My dad diagnosed with Adeno-squamous carcinoma of vocal cord laser surgery (partial hemilaryngectomy of right vocal cord) in July 2013, surgeon states he had negative margins-since this is laser it is close margins-3 weeks post-op from laser surgery PET scan showed increased uptake in right vocal cord and strap muscles. In july his cancer was T3, N0, Mo. Went to MD anderson for second opinion they said this is Squamous, highly invasive, pooly differentiated-recomdeded close observation instead of post-op radiation and chemo.
Now in Nov 2013, my dad presented with stridor and chronic cough came to ED with respiratory distress-got Trached. Repeat mapping biopsy shows Adeno-squamous in sub-glottic, right hemi-larynx and left false vocal cord. He had repeat PET scan shows no mets but increased uptake in bilateral vocal cord. His ENT sugeon recomended total laryngectomy without neck dissection. I am pushing for bilateral neck dissection/post-op radiation and chemo.
1) Please advise any good ENT surgons we can go now ??
2) Please advise good place where we can transistion his care at this point??
3) we are not very happy with current ENT surgeon, no good coordination of care between ENT and radiation oncology
4) His Ent surgeon does not talk to family vey poor.
5) Please advise places who has seen cases of Adeno-sqamous and experienced and treats this tumour agressively.

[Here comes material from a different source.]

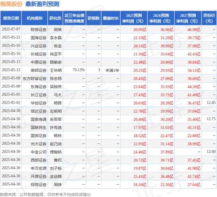 最新盈利预测明细如下:
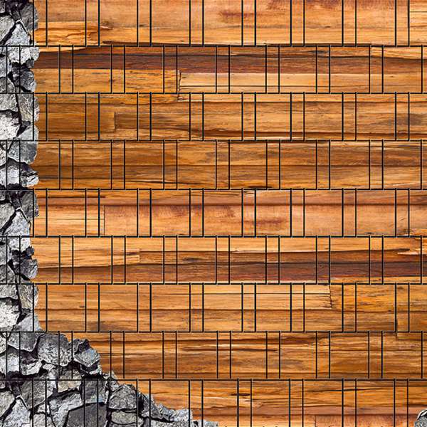 Die Kombination aus rustikaler Holzstruktur und detailreichem Steinmuster schafft eine warme, authentische Atmosphäre – ideal für moderne und klassische Gartenkonzepte gleichermaßen.

Please advise best places we can go from now on. We dont have much time.
There are no experts in adeno-squamous head/neck cancer — that’s too specific for anyone to focus on, so you really need to just identify the right head/neck cancer team. These are scattered around: if it’s not feasible to go back to MD Anderson (so he can get follow-up from people with some knowledge of the case already), perhaps the most helpful approach would be to seek an opinion from a center of excellence in head and neck cancer that is in the same region. So where is he located?
Our head and neck cancer expert here, Dr. Jared Weiss, may be able to provide more specific thoughts.